Automatic design allows each agent to evolve and learn simultaneously. However, the non-stationary behaviours of the multi-agent learning problem arises because of all agents in the system are learning simultaneously. This generates a situation in which each agent is trying to develop its own best behaviour as the other agents’ best behaviour changes. Each agent is, therefore, faced with a moving-target learning problem. This causes the computation process of achieving collective behaviour automatically to become more challenging. The main impact of non-stationary problem in co-learning setting is the risk of unstable behaviours.

3.3.4 The curse of dimensionality

MASs that utilise learning mechanism such as RL, which maps the state into best behaviour suffers from the “curse of dimensionality”. The knowledge of possible a discrete state of the environment which is resulted from MARL grows exponentially as the number of agents increases. As the estimation of possible discrete state or state-action pair becomes bigger, the computation process to choose the best behaviour or policy for the current state becomes more complex over time and requires extra computing time.

4. Improving automatic-based design

4.1 Maintaining diversity

Fitness or objective function is a tool to measure how good current behaviour is in the current situation. Evolutionary computation and learning mechanism are used to find better behaviour that maximise the fitness value. Behaviours with the least good performance will be removed although these maybe beneficial in determining true direction to global optima. This objective-based search paradigm does not necessarily measure how good the intermediate decision is in finding a direction that leads to the objective. Hence, several options to overcome deception will be discussed in following section.

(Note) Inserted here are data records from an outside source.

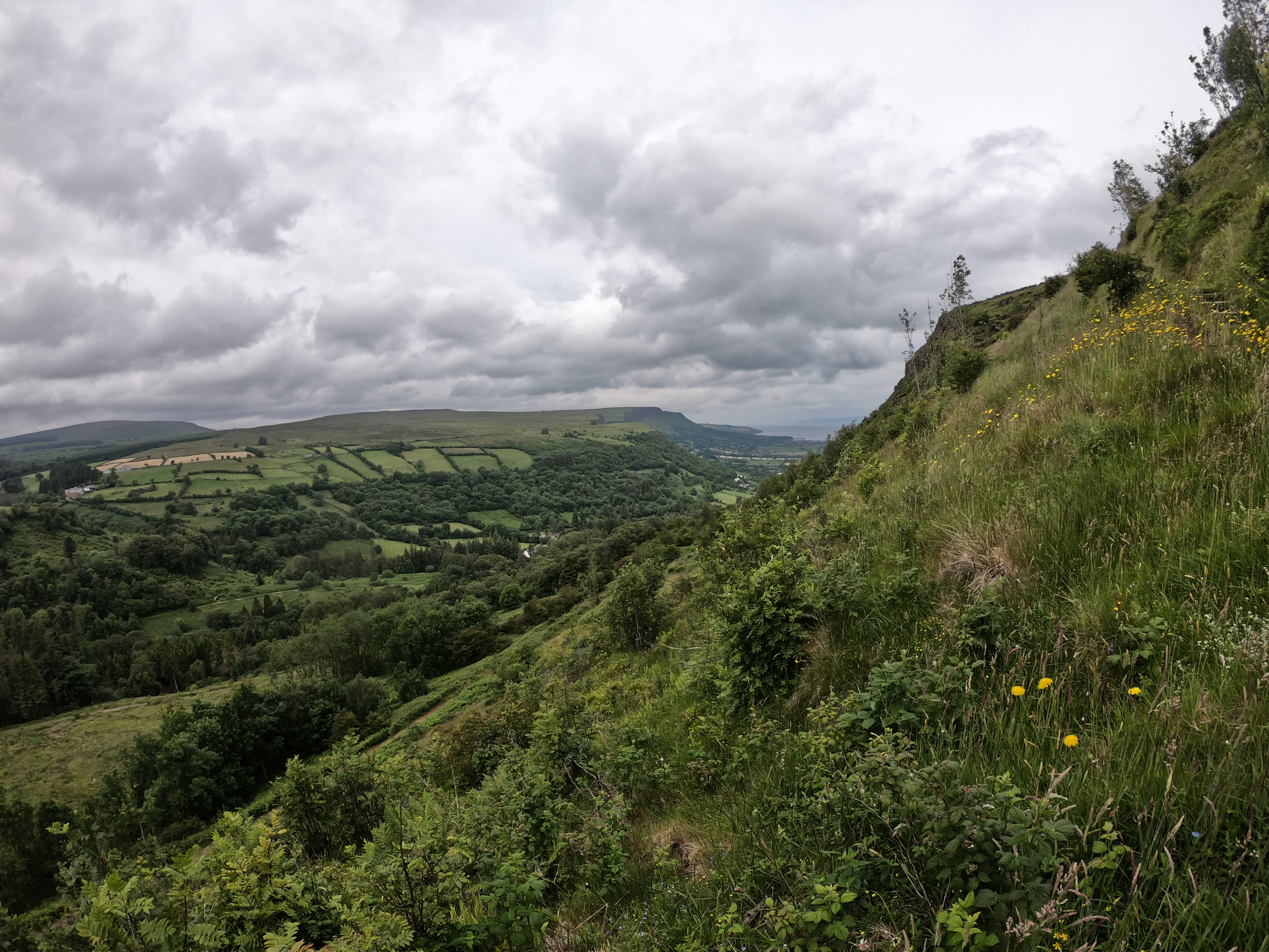 From our open window every morning and every night we feel the cool breeze of 50-degree weather and hear baas and moos of the livestock – it’s such a refreshing way to begin and end the day! We went down for breakfast and met Mary’s eldest daughter Sara. Sara had been on a cruise through the Mediterranean, home from a teaching break from Qatar, but came back early for her grandmother. We had a delicious cooked breakfast with thick bacon and pancakes learning all about the middle-east from Sara. They gave us a long list of potential hiking areas to chose from. They live just south of the Glens of Antrim. This area is composed of nine glens – a glen being a lush valley – that stretch to the shores. We decided to visit Glenariff Forest Park. Glenariff – the Queen of the Glens – is a beautiful forested area with long trails and waterfalls. We paid the 5 pounds and ventured into the woods. We hiked the long scenic trail first that took us up 325 m of elevation with great views of the forest, wildflowers, and the coast.
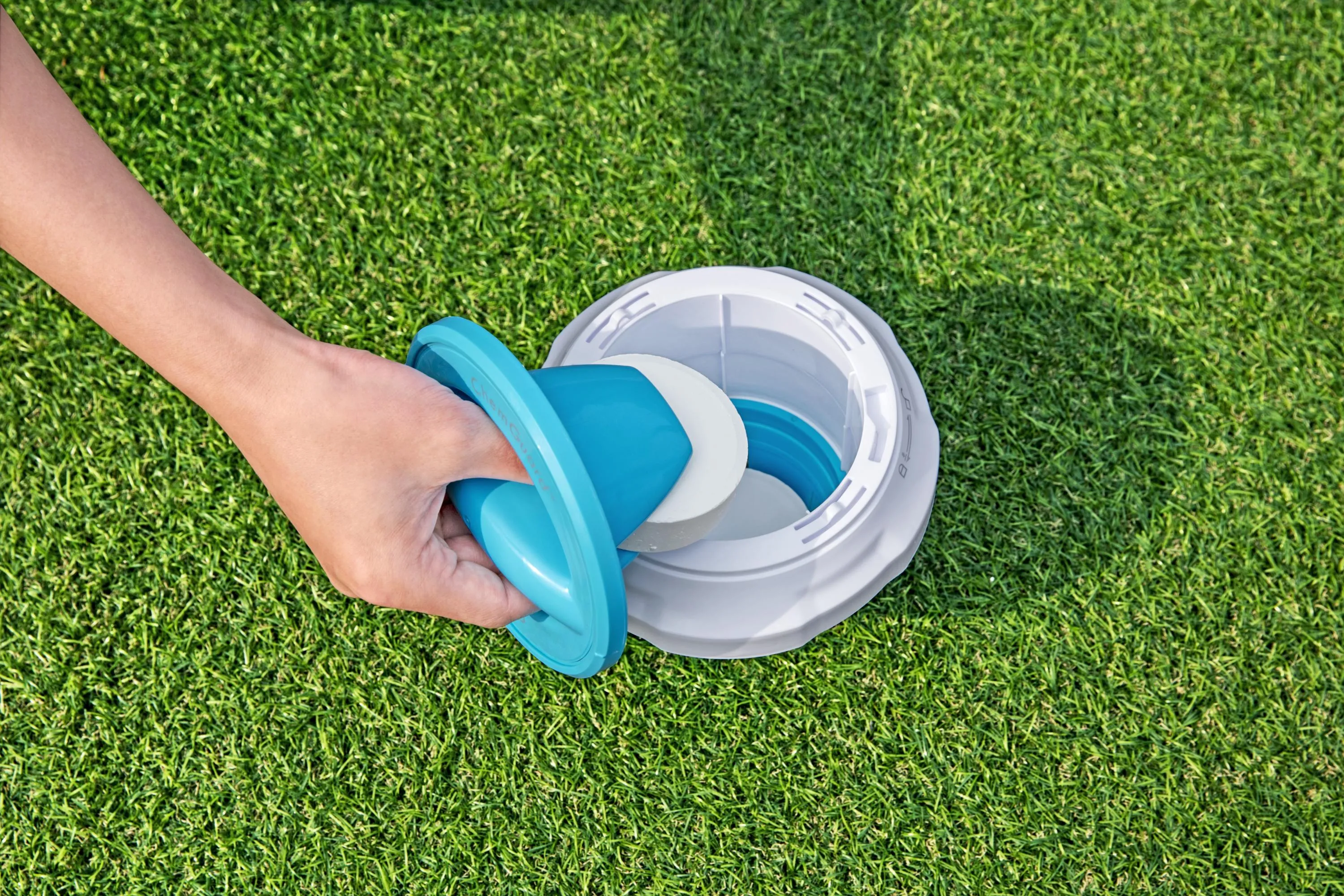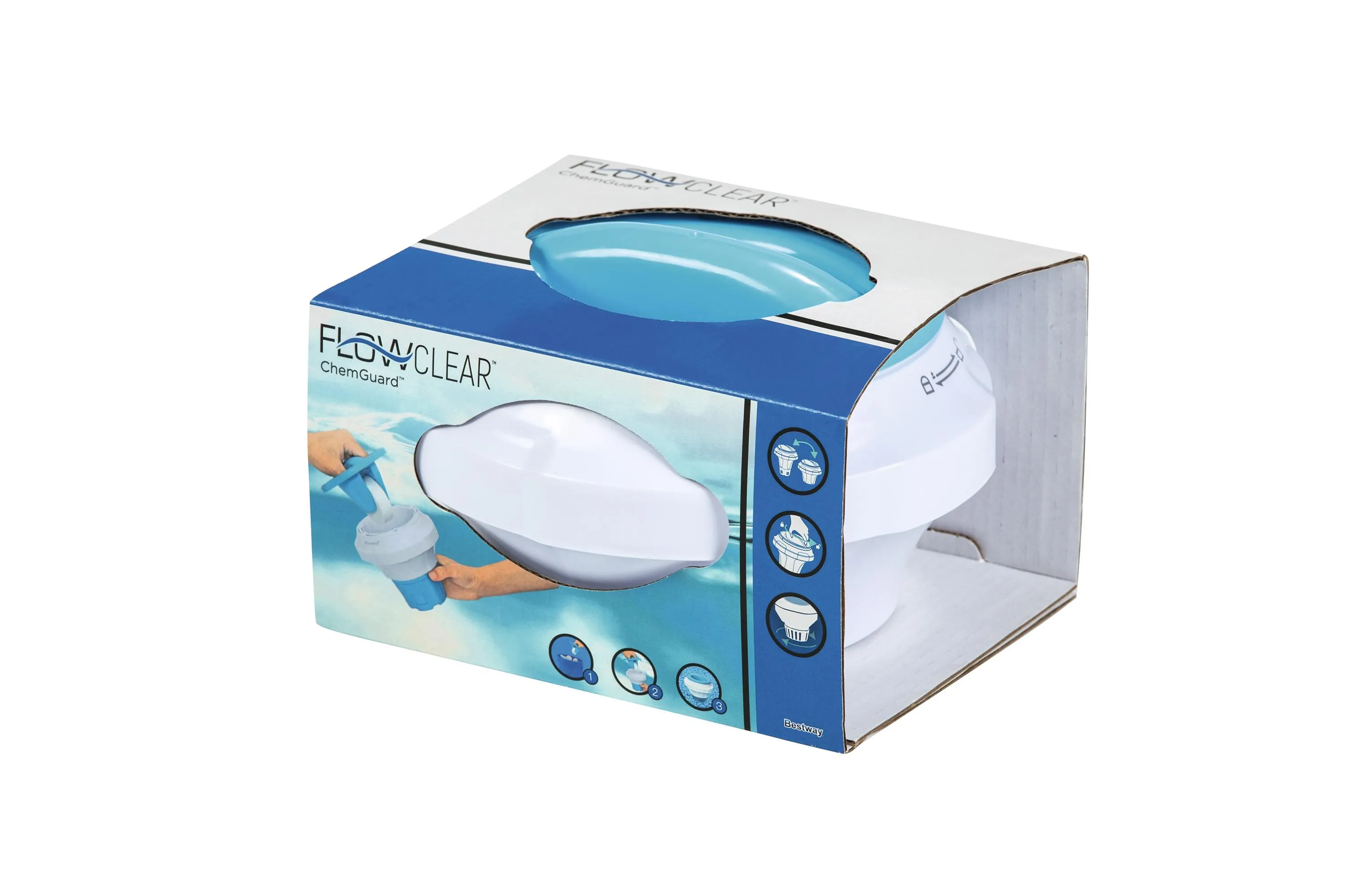 The Flowclear Chemical Floater with a ChemGuard Protective Glove lets you easily handle and maintain your pool chemical levels. The lid doubles as a ChemGuard Glove so you can handle the chemical tablets safely. Getting chemicals on your hands could lead to skin irritation and bleach marks, but using the glove lets you avoid all of that! Plus, the lid also has a dual-action child safe lock to keep those chemicals safe and secure. Just load it up with 7.6 cm chlorine or bromine tablets (not included), and it will float around while dispensing chlorine for pristine pool water. On top of that, the adjustable dial lets you control the release of the chemicals, so you can set the amount of chlorine that is dispensed based on your pool size. The compact collapsible design is ideal for off-season storage. With this floater, you wont have to give those chemical levels a second thought!
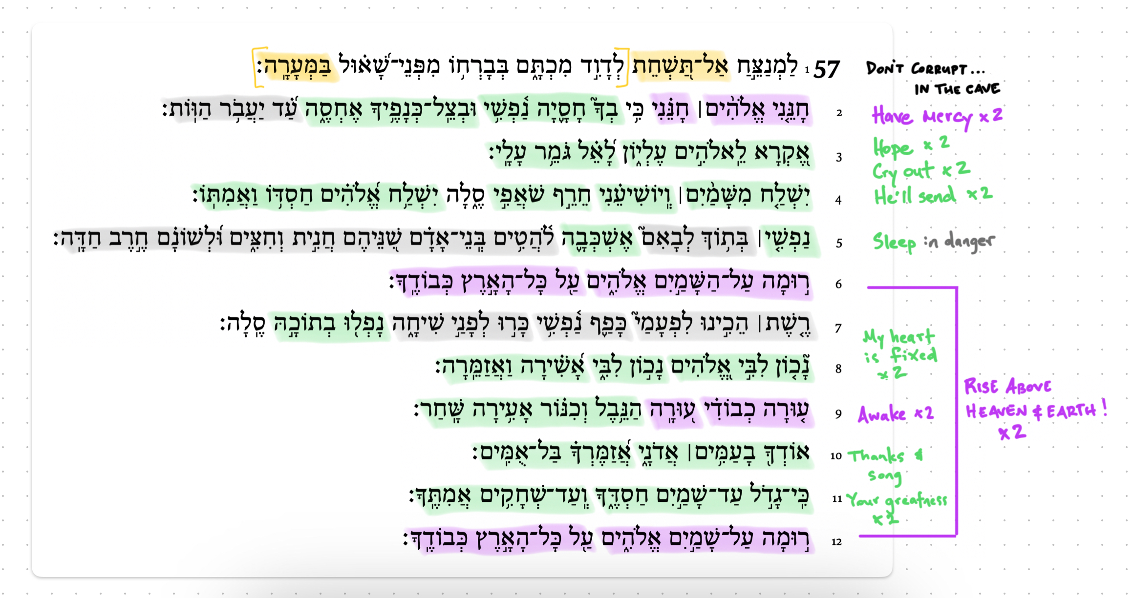 Psalm 57 then provides a script for how to think and talk to God during “cave days.” As a setting for a psalm, I take cave as a metaphor for the hardships of life. The psalm then becomes a script for hard times. It’s striking how this script is marked by an overwhelmingly hopeful tone. The mention of threats and persecution (grey) are surrounded by hopeful resolutions (green) and requests for help (purple).
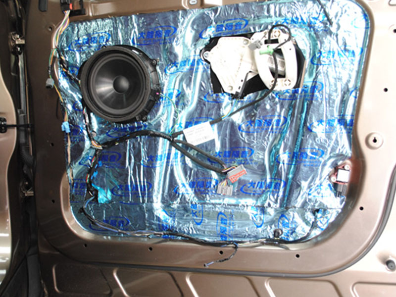 車門內(nèi)層隔音,是師傅從小孔伸進去仔細(xì)貼好的,上圖可是貼得很滿,很整潔。不得不說的是,路虎自身門鈑金還挺厚的,不過,車門的隔音,對音響改裝而言,可是大有用途哦
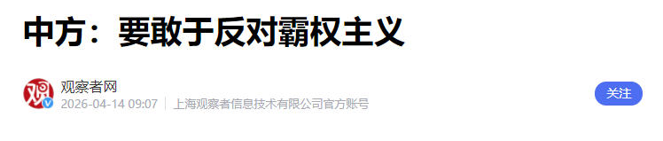 中方:要敢于反对霸权主义 观察者网 2026-04-14 09:07 上海观察者信息技术有限公司官方账号
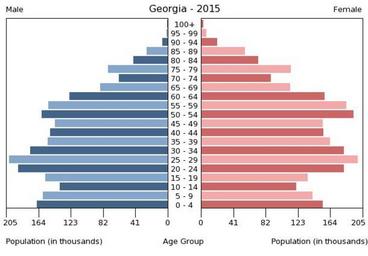 Keywords: Population pyramid of Georgia 2015.png en A population pyramid illustrates the age and sex structure of population and may provide insights about political and social stability as well as economic development The population is distributed along the horizontal axis with males shown on the left and females on the right The male and female populations are broken down into 5-year age groups represented as horizontal bars along the vertical axis with the youngest age groups at the bottom and the oldest at the top The shape of the population pyramid gradually evolves over time based on fertility mortality and international migration trends Віково-статева пі аміда населення Г узії за 2015 ік Вона дає наочне уявлення п о вікову і статеву ст укту а населення к аїни може слугувати дже елом інфо мації п о політичну і соціальну стабільність економічний озвиток Блакитними кольо ами ліво уч у вигляді го изонтальних смуг показані вікові г упи по 5 оків кожна чоловічої статі п аво уч ожевими жіночої аймолодші вікові г упи внизу найста іші вго і Фо ма пі аміди поступово еволюціонує з плином часу під впливом чинників на оджуваності сме тності і світової міг ації https //www cia gov/library/publications/the-world-factbook/ The World Factbook 2016-09-21 The Central Intelligence Agency Цент альне озвідувальне уп авління PD-USGov Population pyramids of Georgia |
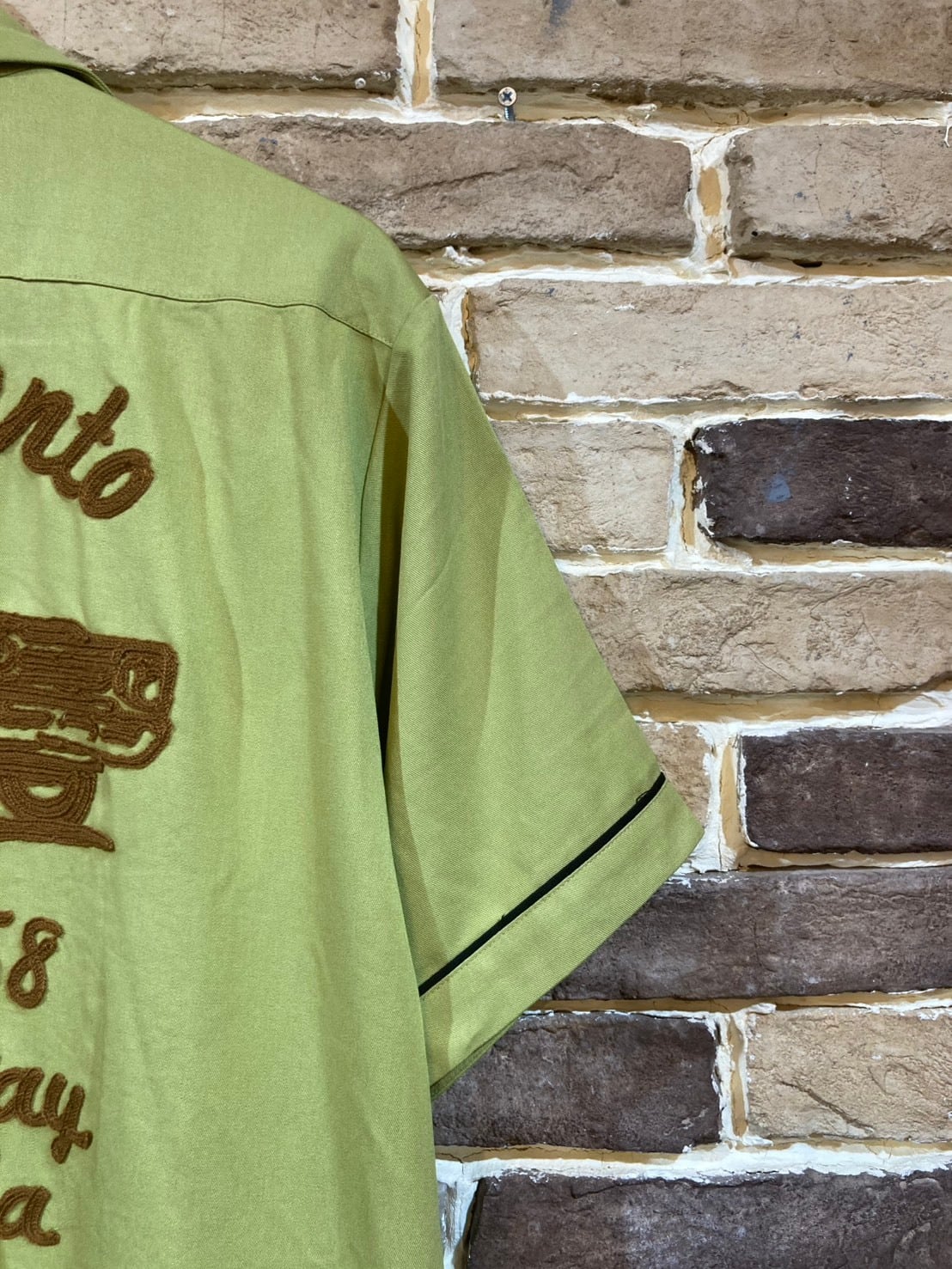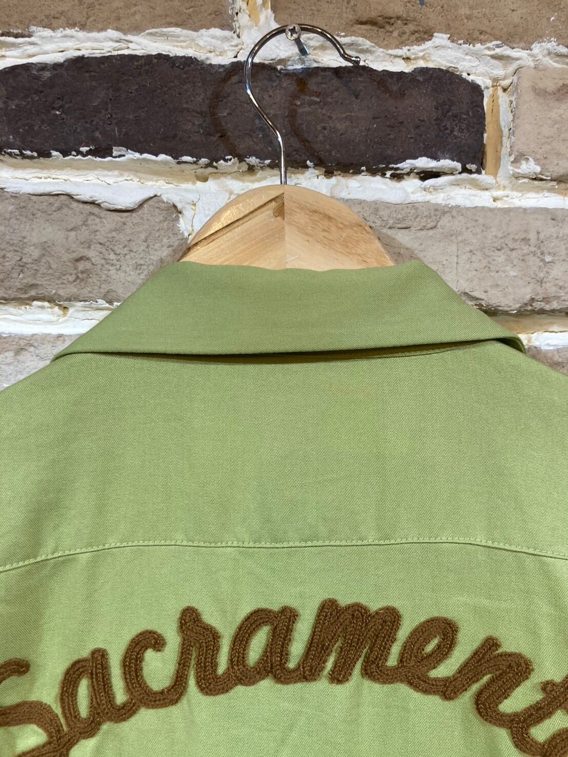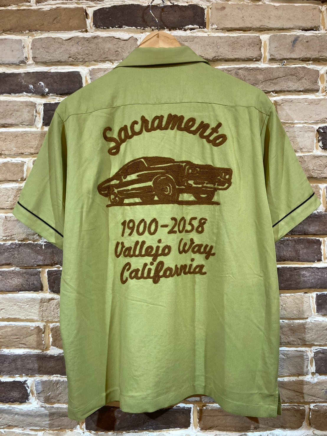 HOUSTONの春夏定番のボウリングシャツ。生地には適度な厚みのレーヨン100%を使用し、暑い季節にぴったりなさらっとした着心地。こだわりのギャラクシーボウリングピンボタンもオリジナルで作製。刺繍にはヴィンテージカークラブジャケットを彷彿とさせる「SACRAMENTO」柄。
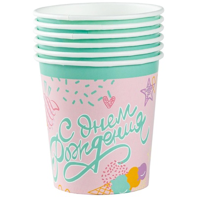 Стаканы бумага 190мл С Днем Рождения Мороженое уп6
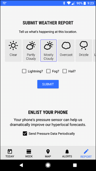 最后,还有“报告”选项。 基本上,这里是您可以报告本地情况的地方,这可以帮助Dark Sky使事情保持尽可能的准确。 您甚至可以允许手机的压力传感器将详细信息发送到Dark Sky,以帮助改善预测。 这很酷!
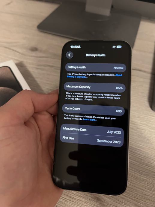 Baterija je na 85% sto je normalno zdravlje baterije nakon 2 godine. Na slikama se vidi i račun od uređaja. Uz mobitel dolazi kutija i kabel za punjenje.
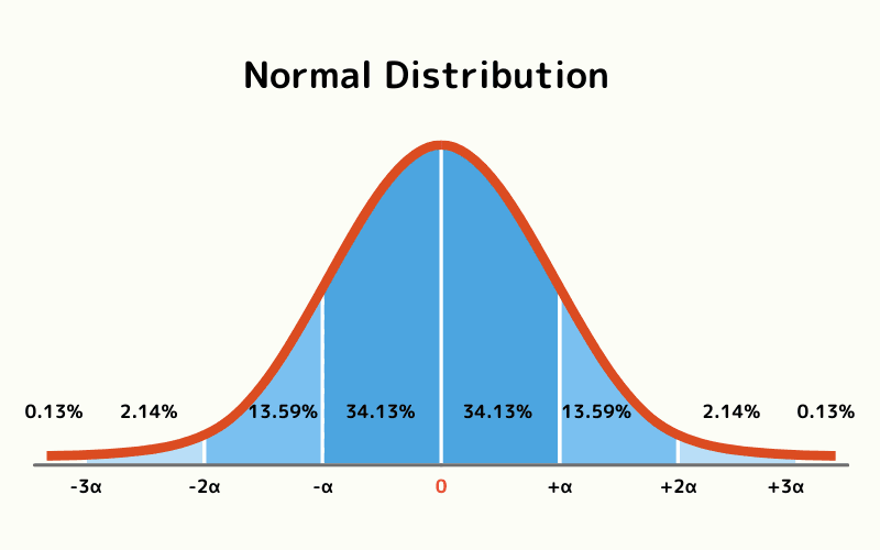 •Within three standard deviations (α): About 99.8% (34.1% + 34.1% + 15.59% + 13.59% + 2.14% + 2.14%) of normally distributed data will fall within three standard deviations.
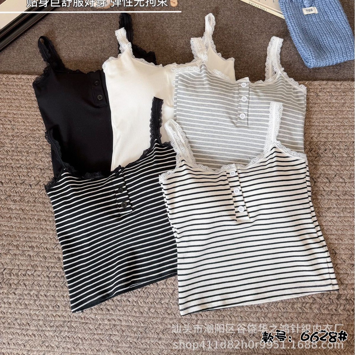 春夏の新作ホットガールビューティーバックレースボタンキャミソール女性用胸パッド付き、インナーとアウター用の多用途ベスト
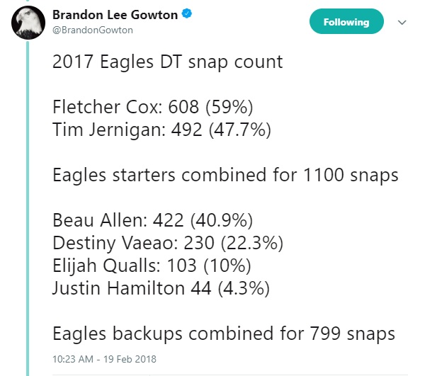 For instance, and I don’t think this gets talked about enough, but Allen actually played 422 snaps last year while Tim Jernigan played 492. So Beau was actually in there 41% of the time while Jernigan played 48% of defensive downs.
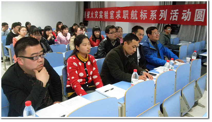 活动邀请了科大立安安全技术股份有限公司人事部郝建国经理,中国电子科技集团公司第38研究所张启兴博士,火灾国家重点实验室团总支书记祝玉泉老师作为面试嘉宾。实验室的学生表现了极高的积极性,坐满了教室,在6:30时,活动正式开始。
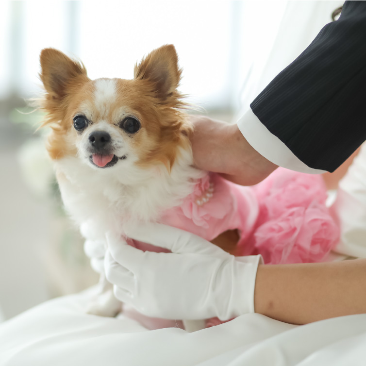 お揃いの蝶ネクタイやベールなど、ペットの衣裳の持ち込みOK!

4.1.1 Sustaining behavioural diversity

In fitness-based computation, all available strategies in system’s repertoire converge asymptotically towards a set of behaviours that may be maximising the fitness. The result typically is within a certain range of values and is applied to all agents. This is an issue, because of alternative solutions, which may be leading to a better behaviour, maybe dismissed in the computation process. This problem occurred because of the computation had a preference for exploitation rather than exploration. Hence, the diversity of the solutions should be maintained giving alternative direction for the swarm to explore better behaviours.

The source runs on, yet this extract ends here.